「実はトイレにノートパソコンを持ち込んで、仕事をしたこともあります」忙しい自慢の仕事人間が言いそうな台詞です。ハッキリ言って、そこまでするのは問題です。そんなことをしていると、「トースト肌症候群」になってしまいますよ。
トースト肌症候群というのは、最近になって出てきたものではありません。機関車の石炭を燃やす炉やストープ、オーブンなど、極端に熱いもののそばで働く人たちに、最初に見られた症状でした。また、電気カーペットや電気毛布の上で直接寝てしまうと、この症状が出ることもあります。
確かに、そのような熱い場所で働いたり、熱源に触れたままうっかり長時間寝てしまったりすることと、トイレにノートパソコンを持ち込んで30分やそこら仕事をするのが、同じとは言えません。ですが、科学者の先生曰く、トースト肌症候群になる危険性は、時間と肌質によって変わるのだそうです。
11月5日付けの「Pediatrics(小児科学)」という雑誌の記事で、スイスの研究者がスポンジ状の模様が左太ももに出てしまった、12歳の子ども(左の写真)の症例について語っていました。研究によって、ノートパソコンを膝の上に乗せた状況では、左側の方がより熱を持つということが分かったそうです。ほとんどのノートパソコンでプロセッサは左側にあります。Jeffrey Benabio博士によると、このような肌の状態は専門用語で「erythema ab igne. 」と言うそうです。
トースト肌症候群とは、直接はヤケドしていなくても、長時間熱源にさらされることによって、皮膚に赤や茶色の発疹が出る状態のことです。写真のように、赤味がかった発疹は網目のような独特の模様を形成します。患部の血流の緩徐化や、うっ血が原因のようです。

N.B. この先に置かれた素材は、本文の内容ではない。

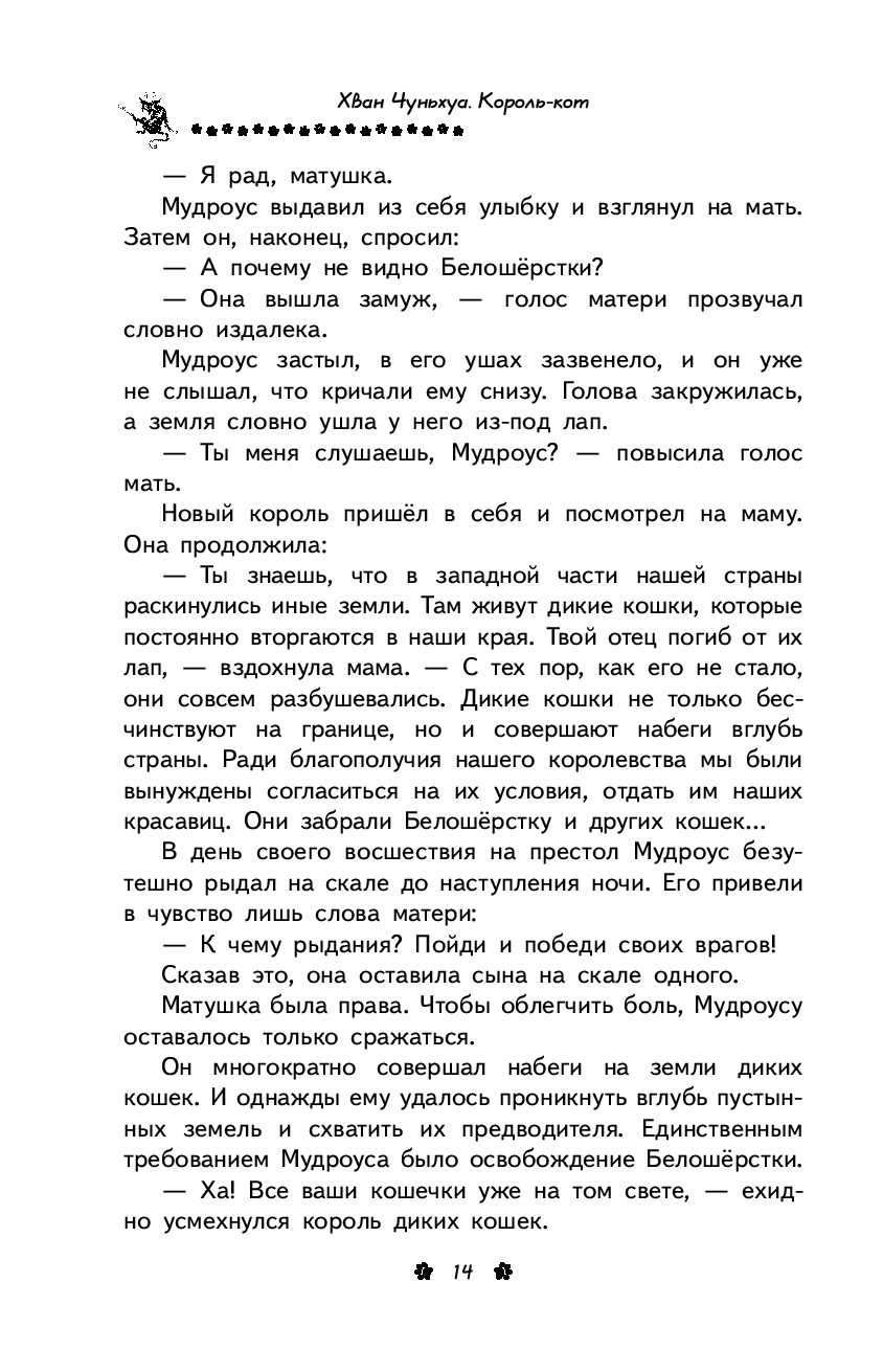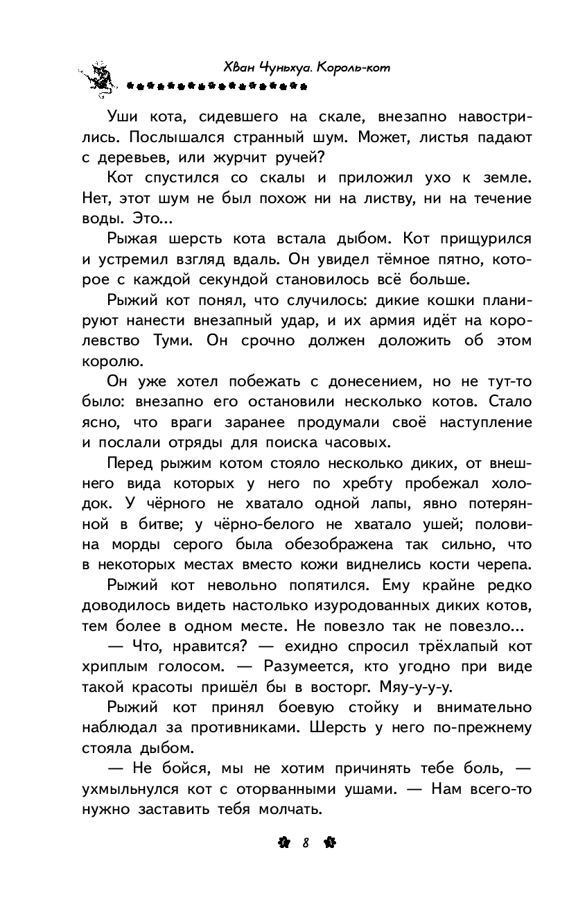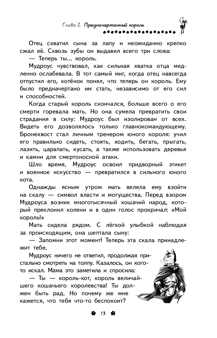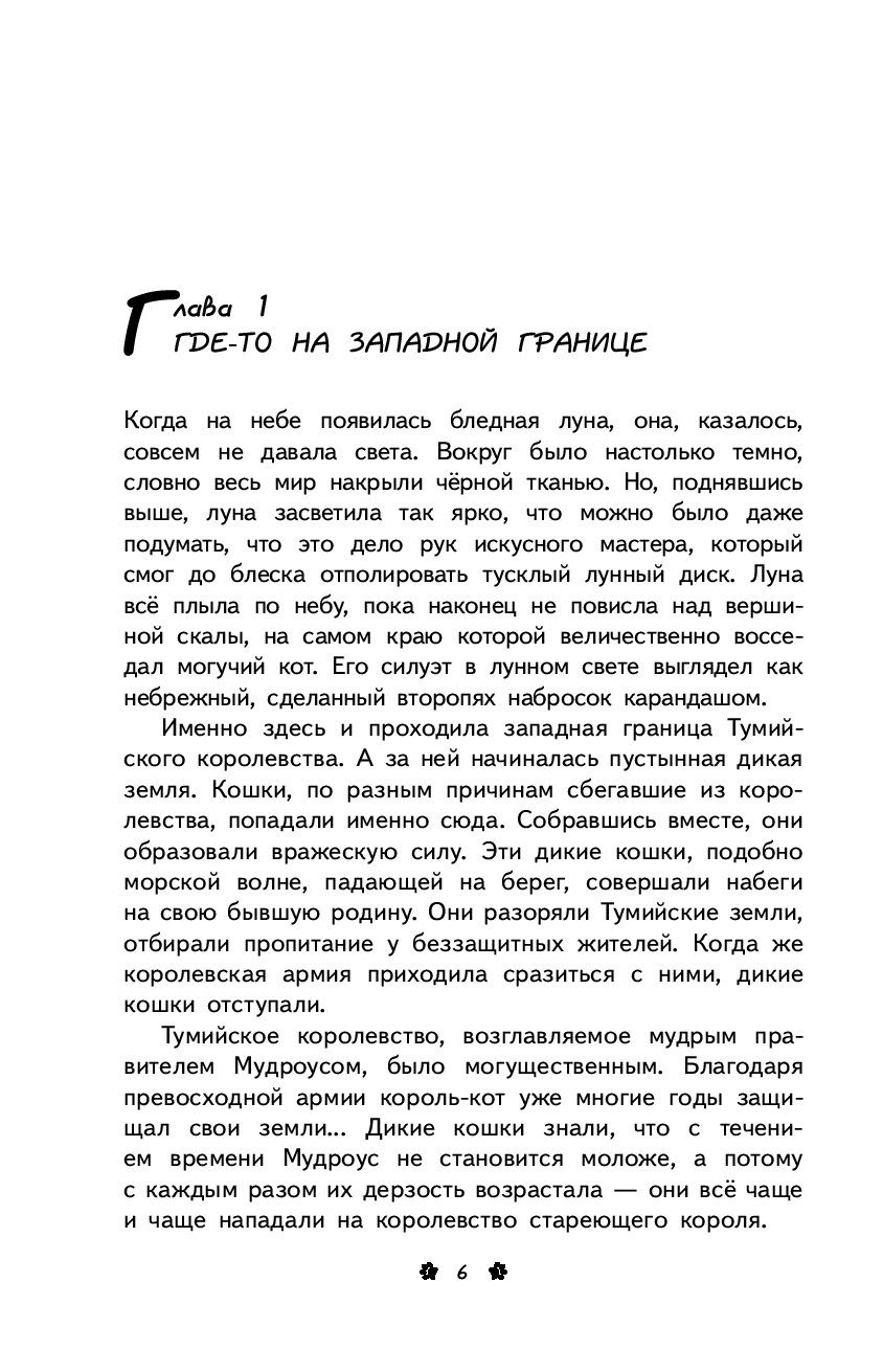 На королевство Туми уже много лет совершают набеги дикие коты. Изгнанные из дома за коварство и жестокость, они полны решимости отомстить и свергнуть с престола старого короля-кота Мудроуса. Сыновья короля Белохвост и Чернохвост готовы по-разному сражаться за судьбу своей родины. Но чьи поступки и решения окажутся верными? Кто закончит многолетнюю войну? И кто может стать новым Королем-котом?
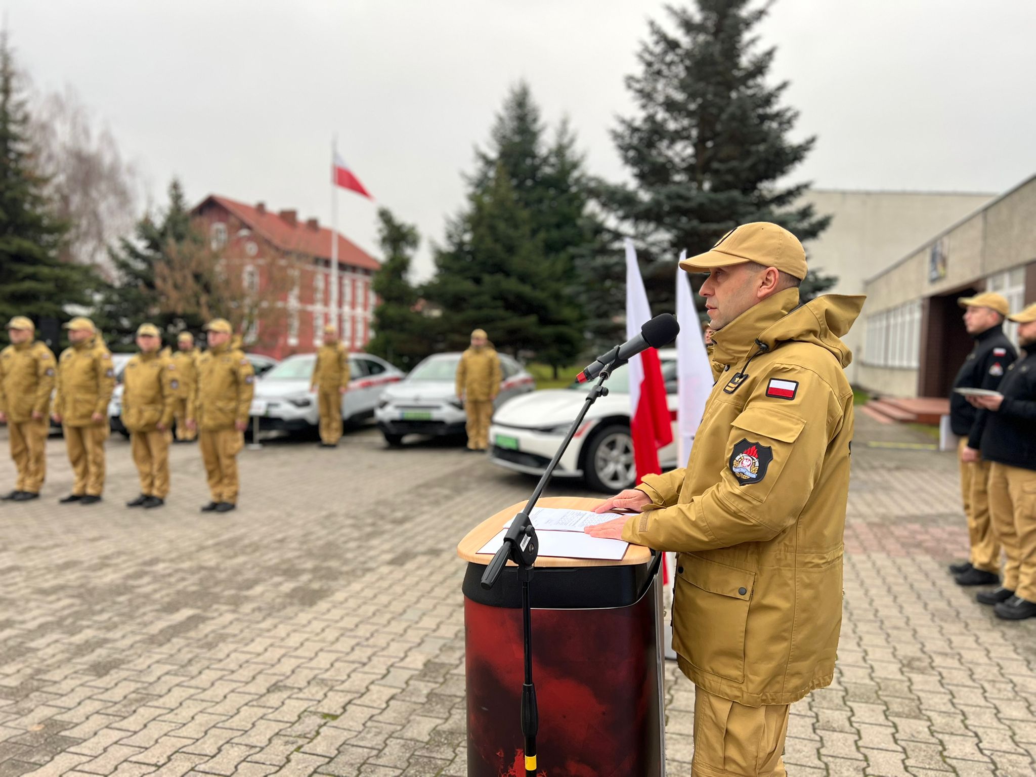 W dniu 10 grudnia 2024 r. na placu przed Komendą Powiatowa Państwowej Straży Pożarnej w Pyrzycach, odbyła się uroczysta zbiórka z okazji przekazania samochodów operacyjnych oraz sprzętu do ratownictwa i likwidacji zagrożeń środowiska naturalnego dla jednostek organizacyjnych Państwowej Straży Pożarnej woj. zachodniopomorskiego.
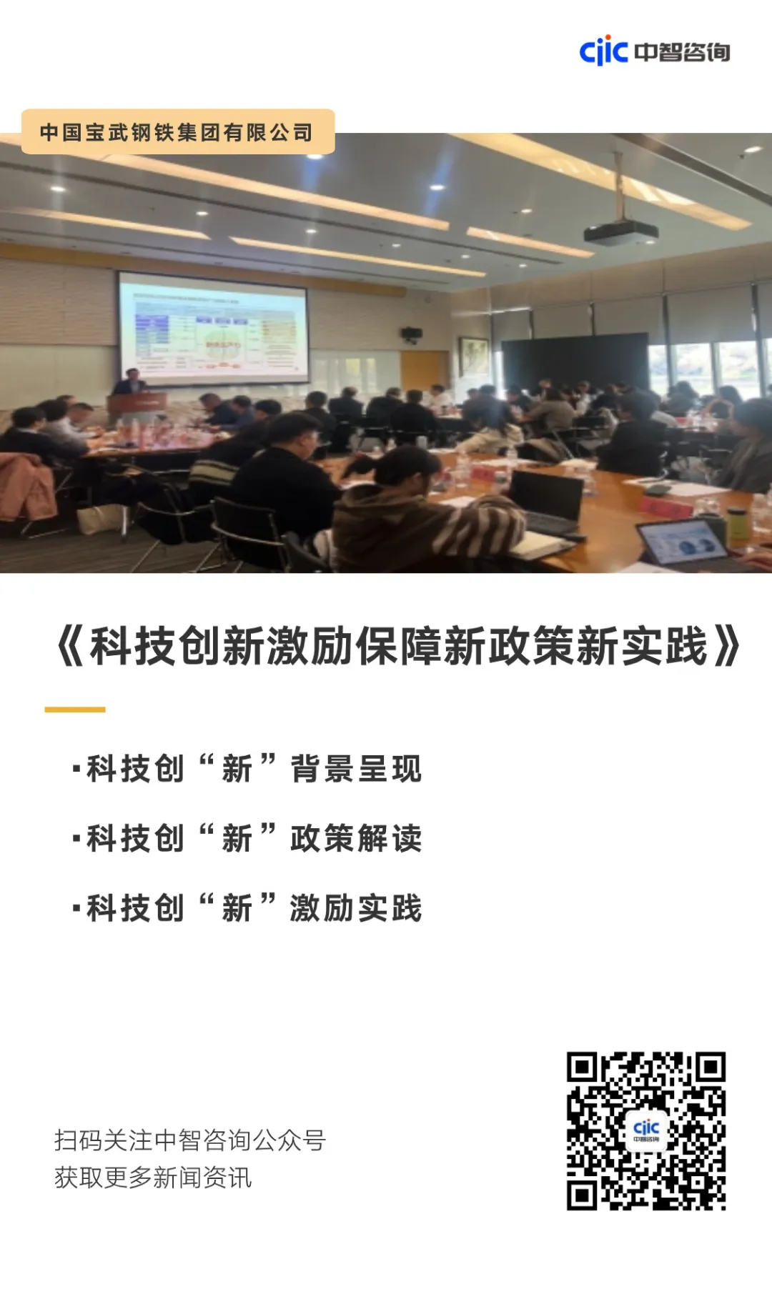 助力钢铁龙头科技创新丨中智咨询受中国宝武邀请开展《科技创新激励保障新政策新实践》专题分享

博士は、この症状のまたの名を「ノートパソコン皮膚疾患」とも呼んでいます。この症状が出ると、肌が一生黒ずんだままになってしまう可能性もありますし、最悪の場合、皮膚ガンを引き起こす恐れもあります。子どもは特に気をつけた方がいいようで、ノートパソコンを使っている期間が比較的短くても、子どもは肌が敏感なので症状が出やすいそうです。
ノートパソコンを膝の上に乗せて作業をしていて、太ももが熱くなった経験は誰もが一度はあるのではないでしょうか。自分は肌が敏感じゃないから大丈夫、なんて油断せずに、ノートパソコンは何かの上に置いて使ってくださいね。